A MATHEMATICAL MODEL OF THE URINE CONCENTRATING MECHANISM (KIDNEY, COUNTER-CURRENT SYSTEM, INTEGRAL EQUATIONS)

After a brief survey of the physiology of the urine concentrating mechanism of the mammalian kidney, a simple model that was developed by Charles Peskin for a single nephron is introduced (F. C. Hoppensteadt and C. S. Peskin, Mathematics in Medicine and the Life Sciences in preparation ). This model is found to have a concentrating limit of a factor of e over blood plasma osmolality, regardless of the length of the nephron or the type of kinetics employed for NaCl reabsorption from the ascending limb. In order to represent the decreasing loop of Henle population as a function of medullary depth, Peskin's model is here extended to a multinephron model, resulting in a system of three highly nonlinear integral equations. The equations exhibit a multiplier effect which greatly enhances concentrating capability. Using the approximate loop distribution of the rat, the model produces a sigmoidal osmolality profile similar to the profiles found in tissue-slice studies of rat kidneys.
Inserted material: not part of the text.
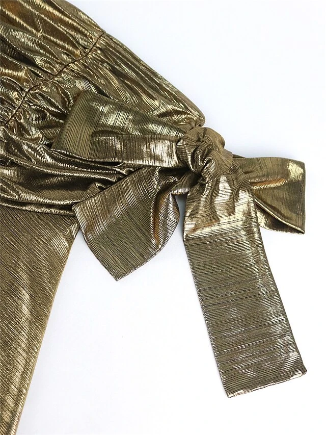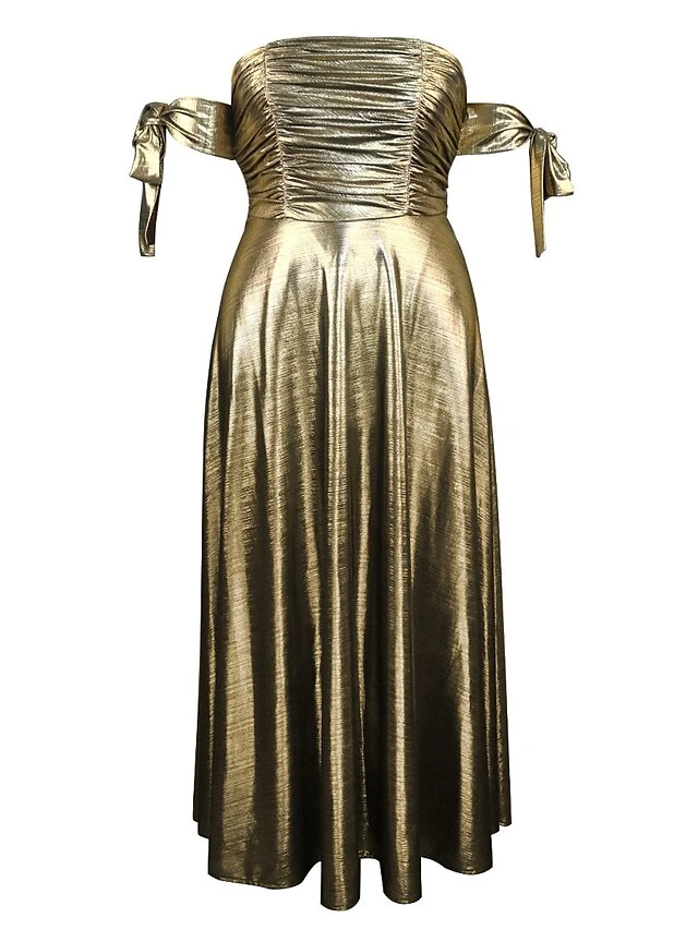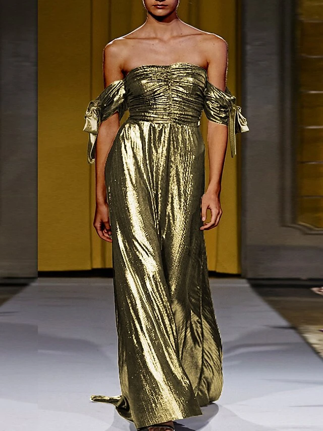Women’s Prom Dress Party Dress Wedding Guest Dress Long Dress Maxi Dress Gold Short Sleeve Pure Color Ruched Summer Spring Fall Strapless Fashion Evening Party Wedding Guest Vacation 2023 S M L XL

These model calculations suggest that the decreasing nephron population found in vivo and the corresponding decrease in transverse medullary area as a function of medullary depth are important factors in the concentrating mechanism of the mammalian kidney.;Existence and uniqueness results are obtained for the system of integral equations. Using the Schauder principle it is shown that solutions exist for a general class of NaCl reabsorption kinetics. Uniqueness of solutions is obtained for first-order and Michaelis-Menten kinetics in the case of very low reabsorption rates. Uniqueness of solutions to a prototype problem is established for the case of very high reabsorption rates.